A trust misdiagnosed a patient as having a blood clot when he actually had an aortic dissection (a tear in the blood vessel from the heart to the body). This resulted in his death.
What happened
Mr F went to A&E with intense pain in his arm. Staff diagnosed a blood clot, scanned him and gave him anticoagulation medication to thin his blood. Later that night Mr F collapsed and died. His post mortem found an aortic dissection that had blocked the flow of blood to his arm, not a blood clot. Mr F's wife complained to the Trust about her husband's misdiagnosis. The Trust did not uphold her complaint because
Mr F did not have the usual chest pain it expected in someone with an aortic dissection.
What we found
Mr F's symptoms were not typical for his condition, which made it more difficult to diagnose. However, the Trust missed several chances to correctly diagnose Mr F, including taking account of his previous medical history and unusual symptoms, carrying out a chest
X-ray and misreporting a scan. While we cannot say that Mr F's death was avoidable (because his condition was very serious), it is clear that the Trust lost the chance to give him treatment that might have prevented or delayed his death.

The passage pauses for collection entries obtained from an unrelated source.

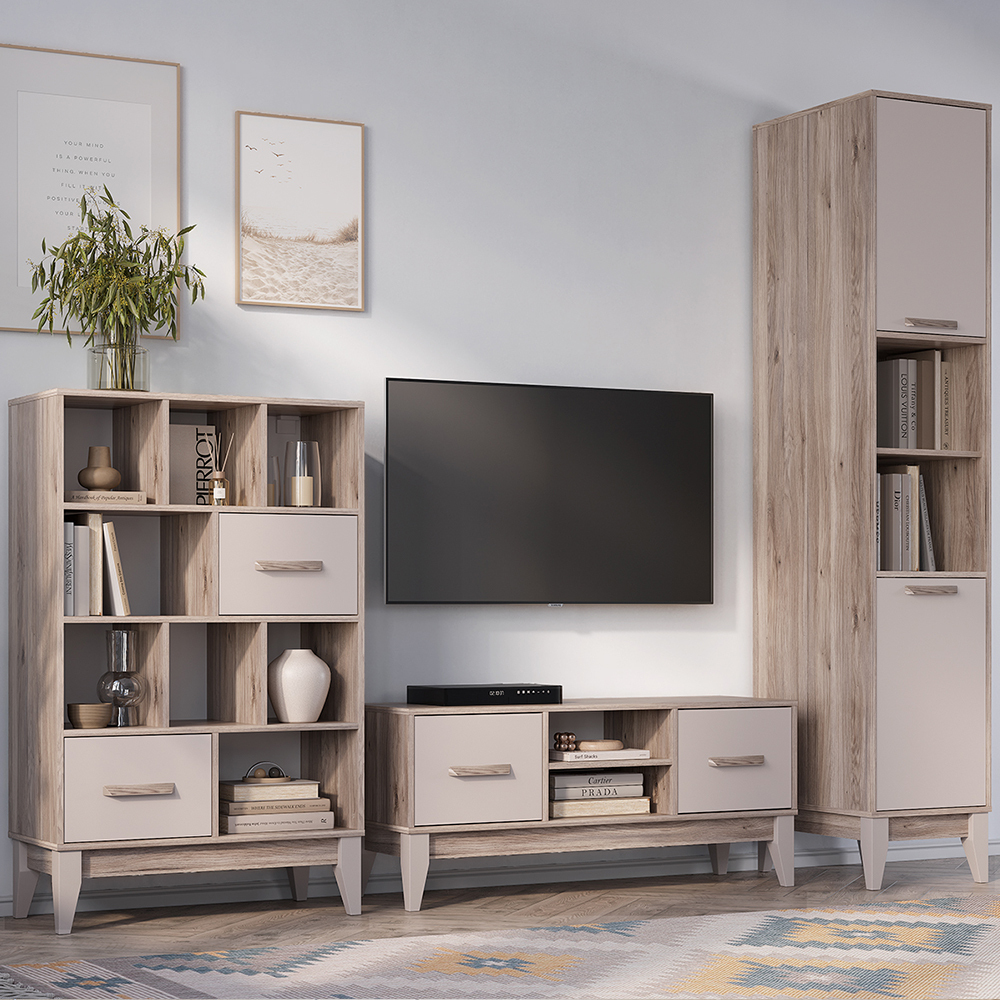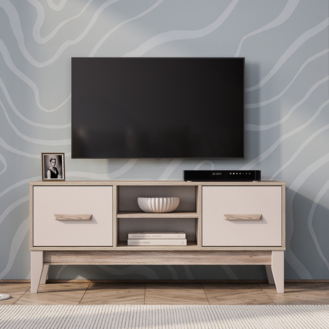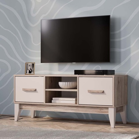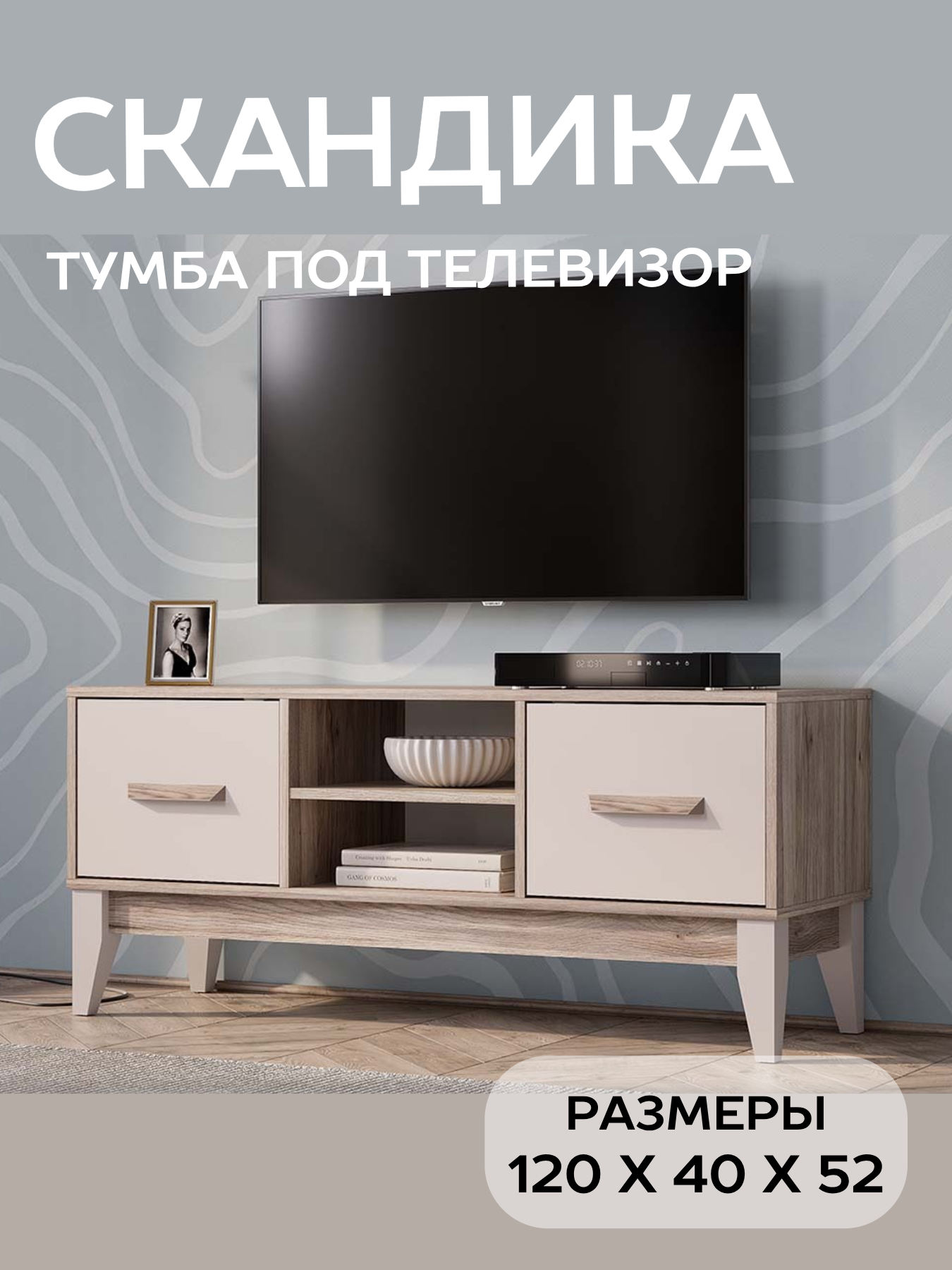 Многофункциональная тумба под ТВ «Скандика» — универсальная модель для современной гостиной, которую отличает минималистичный дизайн и оптимальное сочетание открытых и закрытых зон хранения. Две вместительных полки за дверцами и две открытых полки позволят разместить всю нужную технику.
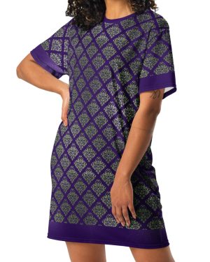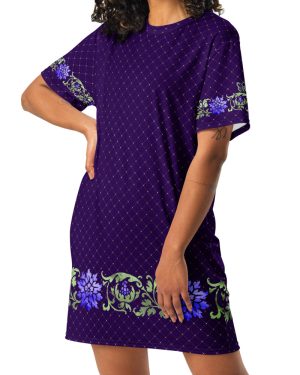 Indigo Viridescent Collection – T-Shirt Dress Deep Indigo Damask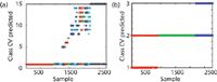 A number of comprehensive chemometrical approaches, including classical least squares, inverse least squares, partial least squares, principal component regression, least-squares support vector machines, and artificial neural networks, were applied directly to the data to discriminate the components of the mixture (27–29). However, these attempts did not effectively separate the classes because of the high level of heterogeneity of blood and semen. Here, we present the results of the SVM classification and describe the weaknesses of its straightforward application. During the first stage of analysis, we assigned a total of 15 classes for all of the mixtures and pure body fluids (Figure 2a; the x-axis corresponds to the number of samples, and the y-axis corresponds to the predefined class). The calculations revealed that a significant part of the mixtures was misclassified as pure blood or semen. However, when we performed the same calculations using only three classes (pure semen, mixture, and pure blood), approximately 40% of the blood and semen samples were misclassified as a mixture (Figure 2b).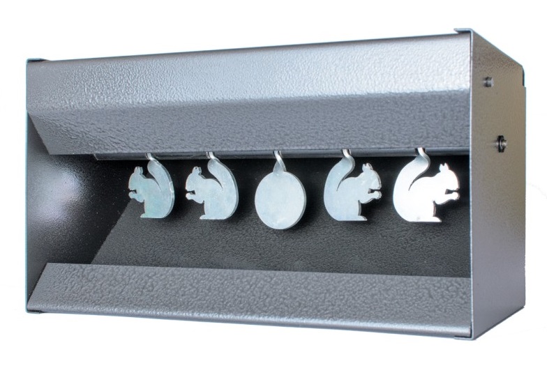 Минитир "Белки" представляет собой набор из пяти металлических медальонов, встроенных в корпус пулеулавливателя, с механизмом, который обеспечивает дистанционный сброс и восстановление исходного положения мишеней.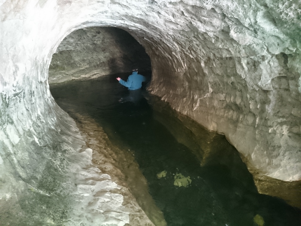 Cave Stream ieeja. Ar džemperi mugurā un cepuri galvā peldam iekšā nezināmajā.

'We identified a number of missed opportunities in the care provided to Mr F. While individually these would not all be considered failings, cumulatively they amount to service failure.' Dame Julie Mellor, DBE
Putting it right
We recommended that the Trust apologise for and acknowledge its mistakes and pay Mr F's wife £2,000. We also asked the Trust to identify in an action plan how it would avoid these failings happening again.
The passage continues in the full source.